## [How to complete this task]
When the listing below reaches the line that has "Statens Järnvägar SJ", start reproducing exactly; stop after the line that has "No teto de sua", and drop the pictures.

## [Excerpted records]
-- -- --

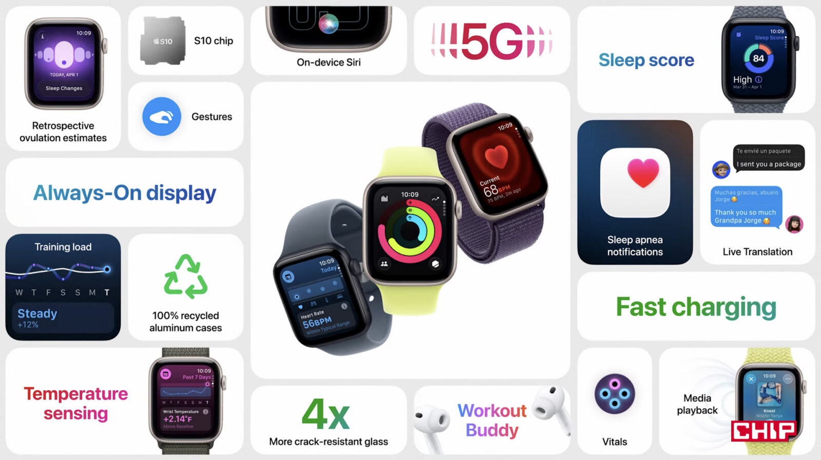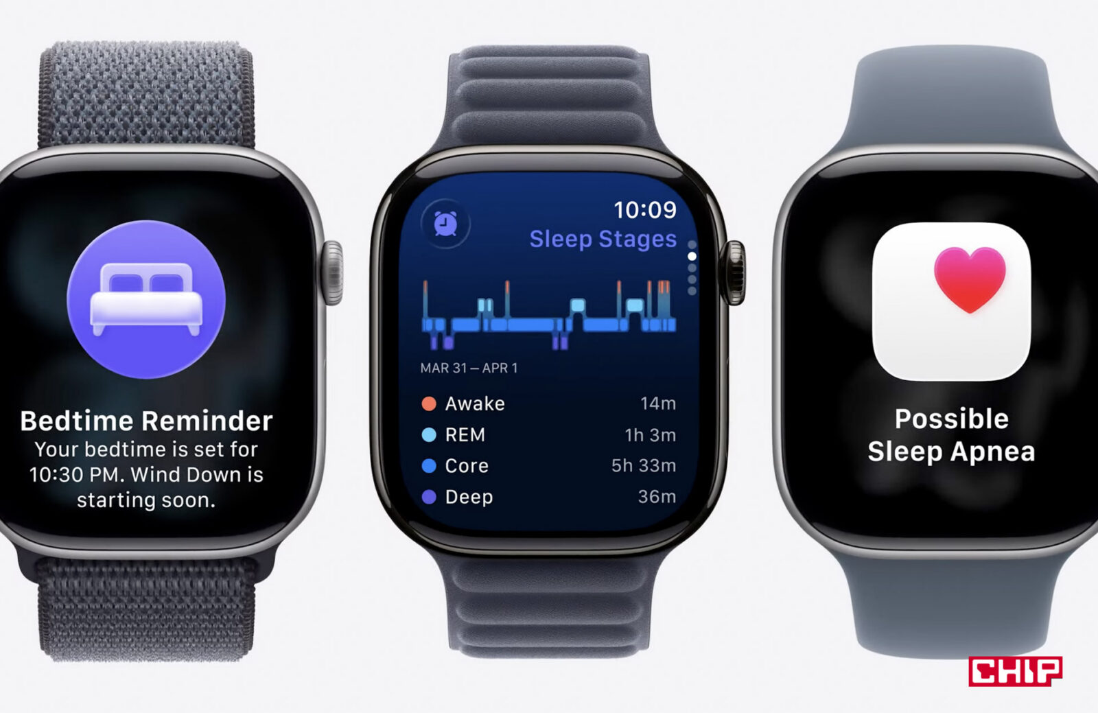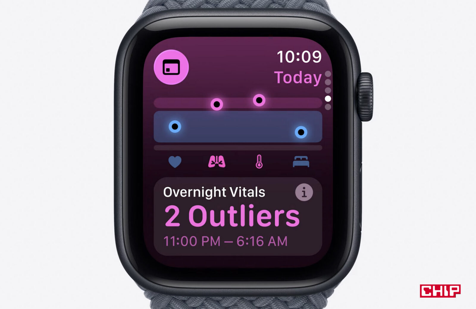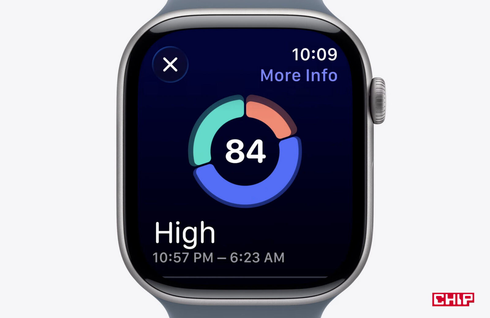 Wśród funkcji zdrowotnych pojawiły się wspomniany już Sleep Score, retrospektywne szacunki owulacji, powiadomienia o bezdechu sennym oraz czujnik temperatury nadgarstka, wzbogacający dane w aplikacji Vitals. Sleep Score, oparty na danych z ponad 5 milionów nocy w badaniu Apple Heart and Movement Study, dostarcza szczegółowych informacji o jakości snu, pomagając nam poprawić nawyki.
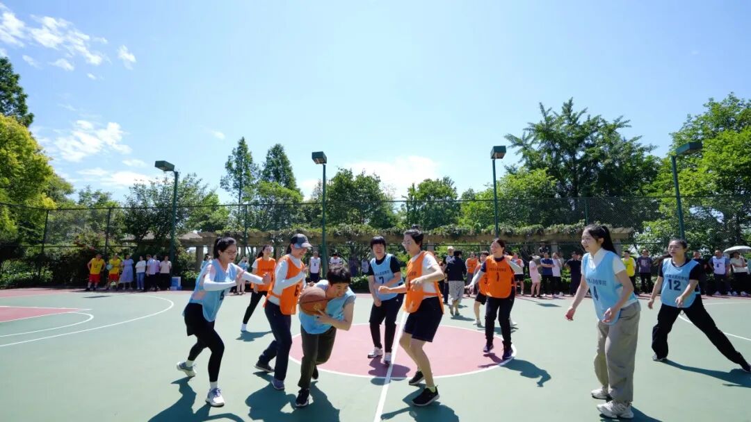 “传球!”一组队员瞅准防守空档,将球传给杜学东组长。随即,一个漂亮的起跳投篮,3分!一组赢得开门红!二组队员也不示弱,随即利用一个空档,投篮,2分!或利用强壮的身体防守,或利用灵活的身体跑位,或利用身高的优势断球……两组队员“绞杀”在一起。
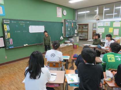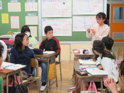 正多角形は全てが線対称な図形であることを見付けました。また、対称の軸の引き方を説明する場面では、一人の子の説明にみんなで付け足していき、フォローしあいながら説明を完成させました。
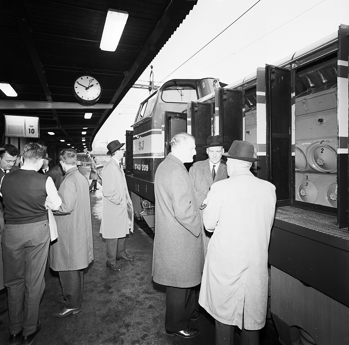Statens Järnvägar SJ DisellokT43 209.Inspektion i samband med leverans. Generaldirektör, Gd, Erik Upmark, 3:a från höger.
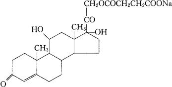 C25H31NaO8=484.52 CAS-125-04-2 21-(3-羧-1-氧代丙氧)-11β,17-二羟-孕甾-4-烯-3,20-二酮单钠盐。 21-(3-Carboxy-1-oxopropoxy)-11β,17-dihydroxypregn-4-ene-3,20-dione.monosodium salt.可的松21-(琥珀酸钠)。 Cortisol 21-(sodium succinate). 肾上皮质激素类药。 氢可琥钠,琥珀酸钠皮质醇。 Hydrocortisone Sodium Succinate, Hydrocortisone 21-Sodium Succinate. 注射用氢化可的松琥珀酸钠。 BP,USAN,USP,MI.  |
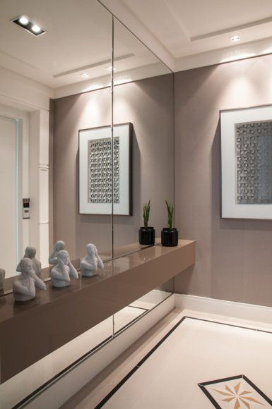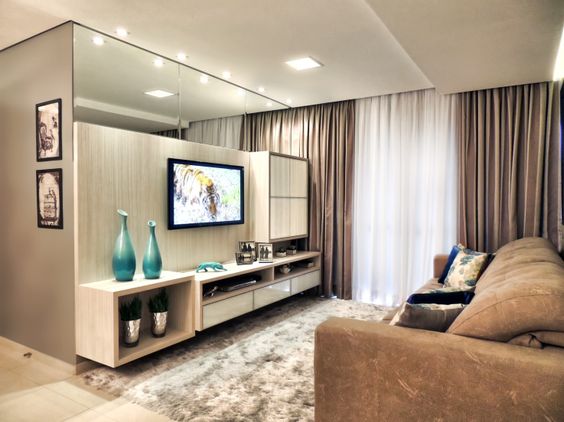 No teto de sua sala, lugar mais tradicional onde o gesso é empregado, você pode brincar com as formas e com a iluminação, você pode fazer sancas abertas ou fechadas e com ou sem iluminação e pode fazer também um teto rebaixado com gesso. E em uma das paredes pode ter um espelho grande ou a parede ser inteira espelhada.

-- -- --

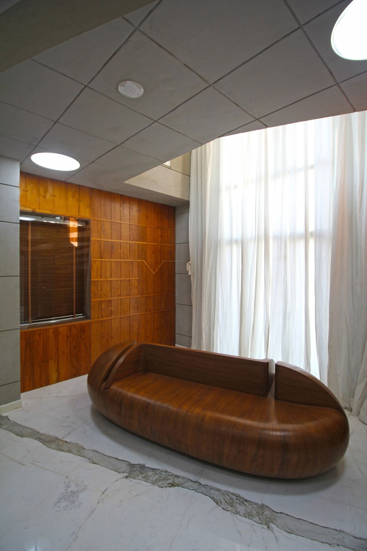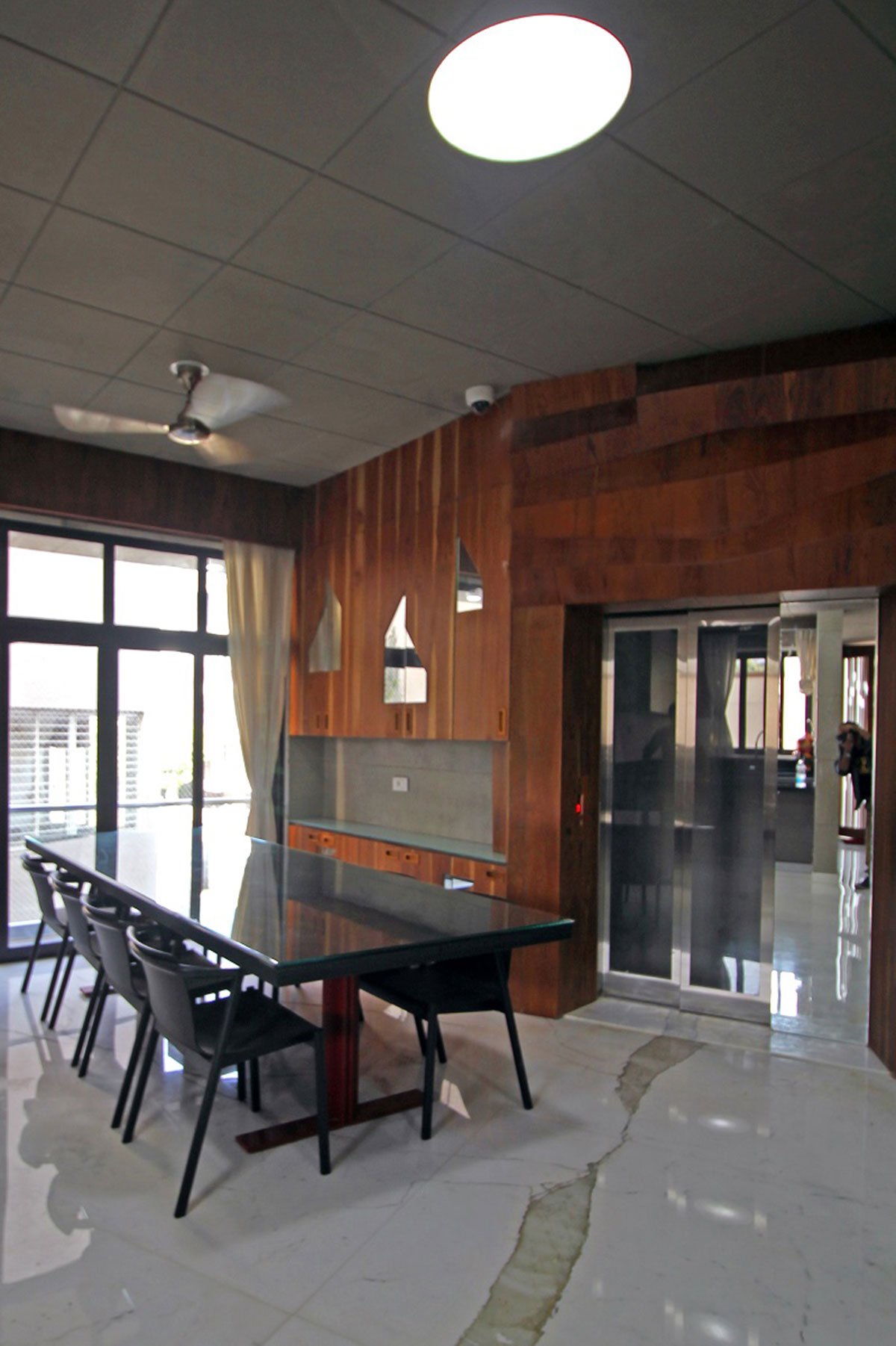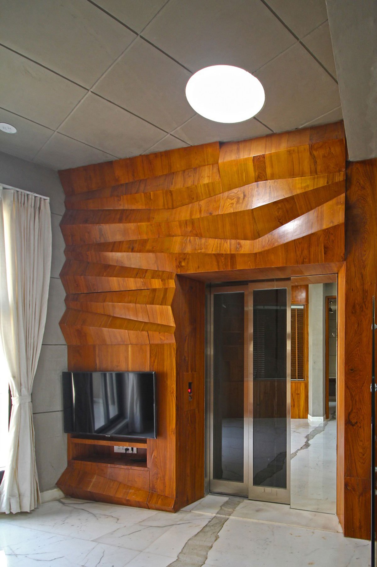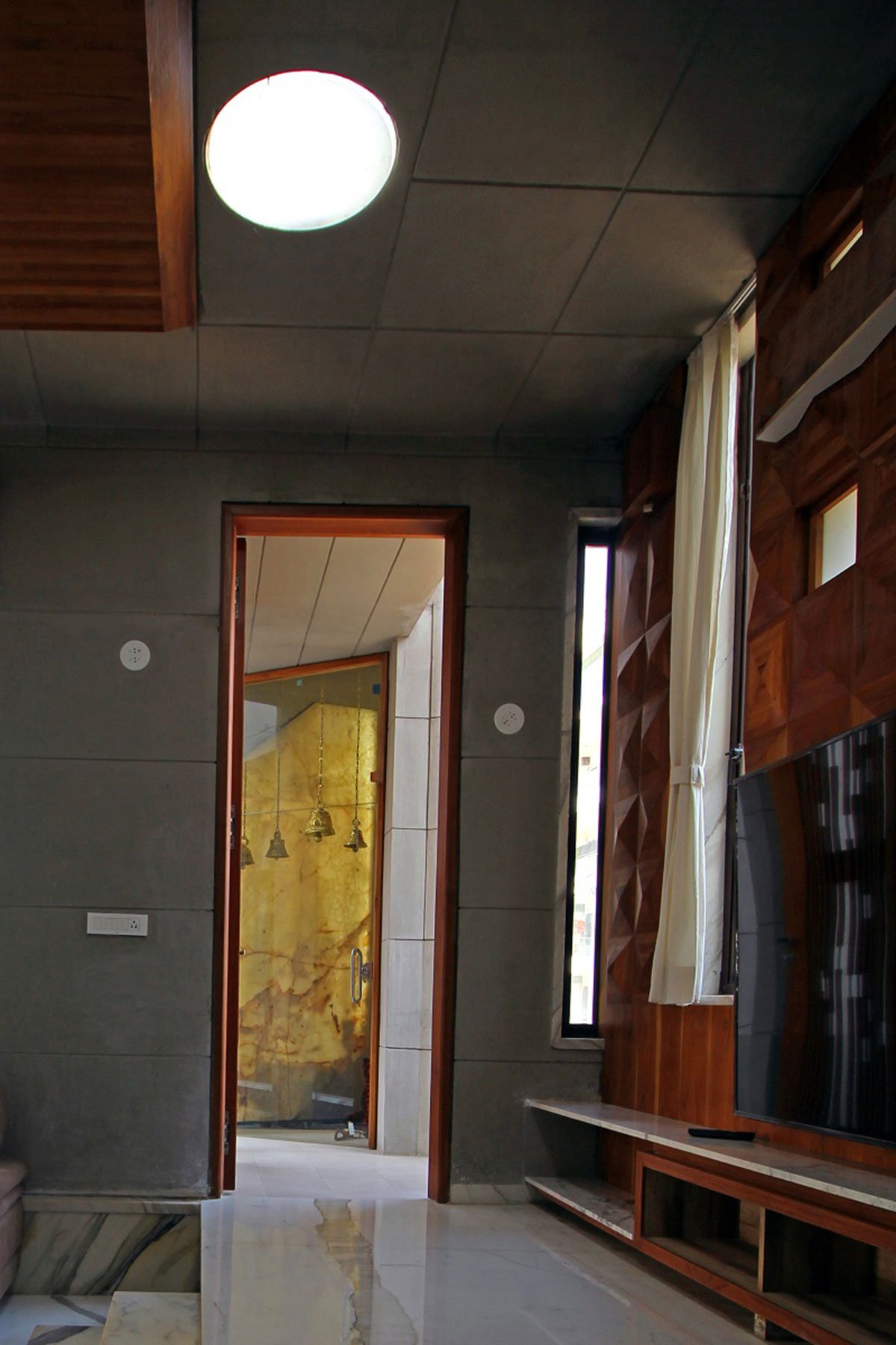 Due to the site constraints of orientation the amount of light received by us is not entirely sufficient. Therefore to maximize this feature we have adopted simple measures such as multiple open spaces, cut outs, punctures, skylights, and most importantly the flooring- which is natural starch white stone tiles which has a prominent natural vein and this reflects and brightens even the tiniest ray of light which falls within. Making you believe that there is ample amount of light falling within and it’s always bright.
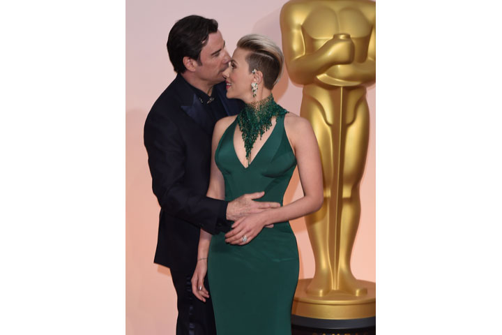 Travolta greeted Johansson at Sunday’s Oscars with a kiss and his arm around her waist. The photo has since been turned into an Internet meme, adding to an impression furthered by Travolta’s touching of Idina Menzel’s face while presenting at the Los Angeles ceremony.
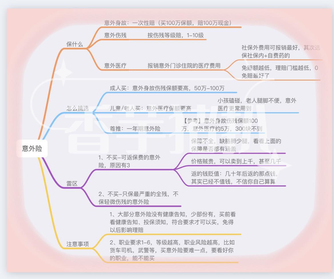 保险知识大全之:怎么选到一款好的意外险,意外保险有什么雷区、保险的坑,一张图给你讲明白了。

-- -- --

## [Worked solution]
Statens Järnvägar SJ DisellokT43 209.Inspektion i samband med leverans. Generaldirektör, Gd, Erik Upmark, 3:a från höger.
 C25H31NaO8=484.52 CAS-125-04-2 21-(3-羧-1-氧代丙氧)-11β,17-二羟-孕甾-4-烯-3,20-二酮单钠盐。 21-(3-Carboxy-1-oxopropoxy)-11β,17-dihydroxypregn-4-ene-3,20-dione.monosodium salt.可的松21-(琥珀酸钠)。 Cortisol 21-(sodium succinate). 肾上皮质激素类药。 氢可琥钠,琥珀酸钠皮质醇。 Hydrocortisone Sodium Succinate, Hydrocortisone 21-Sodium Succinate. 注射用氢化可的松琥珀酸钠。 BP,USAN,USP,MI.  |
 No teto de sua sala, lugar mais tradicional onde o gesso é empregado, você pode brincar com as formas e com a iluminação, você pode fazer sancas abertas ou fechadas e com ou sem iluminação e pode fazer também um teto rebaixado com gesso. E em uma das paredes pode ter um espelho grande ou a parede ser inteira espelhada.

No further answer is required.